Orecchiette e cime di rapa, uno dei piatti più rappresentativi della Puglia, si trasferisce al Nord e diventa un classico risotto lombardo che continua a strizzare l’occhio alla gastronomia del Sud, grazie al tocco finale della burrata leggermente affumicata, così da coccolare ancora di più le papille gustative.

DOSI per 4 persone

PORTATA: primo piatto

DIFFICOLTÀ: semplice

PREPARAZIONE: 30 minuti

COTTURA: 20 minuti

INGREDIENTI

4/5 acciughe Cantabriche sotto sale

280 g riso Carnaroli Cascina Oschiena

200 g crema di cime di rapa

150 g stracciatella affumicata

1 limone bio, succo e zeste brodo vegetale

olio evo

sale

pepe Timut

PROCEDIMENTO

Sciacqua le acciughe, elimina la lisca e la coda, para appena e lascia riposare coperte da un filo d’olio evo e qualche bacca di pepe Timut.

In una casseruola tosta il riso a secco e successivamente sfumalo con il brodo.

Cuoci il riso continuando a versare brodo poco alla volta e nel frattempo frulla le acciughe con la crema di cime di rapa, un mestolo di brodo e usalo per mantecare il risotto a fine cottura con un filo di olio evo e il succo di limone. Lascia riposare coperto per 2’.

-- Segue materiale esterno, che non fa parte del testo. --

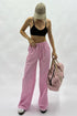 Fuşya Kadın Beli Ayarlanabilir Bol Paça Dökümlü Çizgili Pantolon MG2087
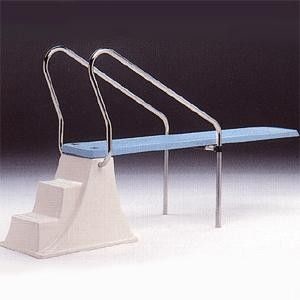 Deze via een opstap verhoogde duikplank van 2,50 meter in lengte - Model Elevado - is een goed uitziende accessoire voor uw zwembad en geeft het juiste plezier voor jong en oud. Voorzien van een ivoorkleurige trap van polyester met antislip oppervlak en 2 RVS handvaten voor meer veiligheid. Deze duikplank is vervaardigd uit polyester en glasvezel voor een lange levensduur en heeft een maximaal draagvermogen van 120kg en wordt compleet geleverd inclusief bijbehorend bevestigingsmateriaal.

Stendi il risotto in ogni singolo piatto, guarnisci con una quenelle di stracciatella fredda e un filetto di acciuga. Servi con una macinata di pepe Timut e zeste di limone.

INGREDIENTI IN VIAGGIO

PALA DI SCAROLA

Anche questo piatto, come l’intero menù, è uno scambio goloso tra la gastronomia dei due poli dell’Italia. La pizza di scarola è un piatto partenopeo, uno scrigno di pasta, che racchiude ingredienti semplici, come la scarola, e preziosi, come l’uvetta e i pinoli. Noi lo proponiamo “aperto” e sempre con l’elemento valorizzante dell’acciuga.

DOSI per 2/3 persone

PORTATA: antipasto

DIFFICOLTÀ: molto semplice

PREPARAZIONE: 20 minuti

COTTURA: 20 minuti

INGREDIENTI

3/4 acciughe Cantabriche sotto sale

1 pala Unica

700 g scarole mondate

50-70 g paté di olive nere

30 g cappero Selargino sotto sale

1 spicchio d’aglio

10 g pinoli tostati

10 g uva passa

qualche foglia di cappero

olio evo

pepe Tellicherry

PROCEDIMENTO

Sciacqua le acciughe, elimina la lisca e la coda, para appena e lascia riposare coperte da un filo d’olio evo e qualche bacca di pepe Tellicherry.

Taglia la scarola già mondata in quarti nel senso della lunghezza. In un’ampia casseruola scalda l’olio con lo spicchio d’aglio, aggiungi le acciughe, i capperi dissalati, i pinoli e l’uvetta. Aggiungi mezzo bicchiere d’acqua, mescola e sciogli le acciughe, distendi la scarola e cuoci a fuoco dolce fino all’assorbimento del liquido.

Nel frattempo, nel forno già caldo a 180°-200° rigenera la pala.

Sforna, distribuisci la scarola condita e termina con piccole quenelle di pesto di olive e le foglie di cappero.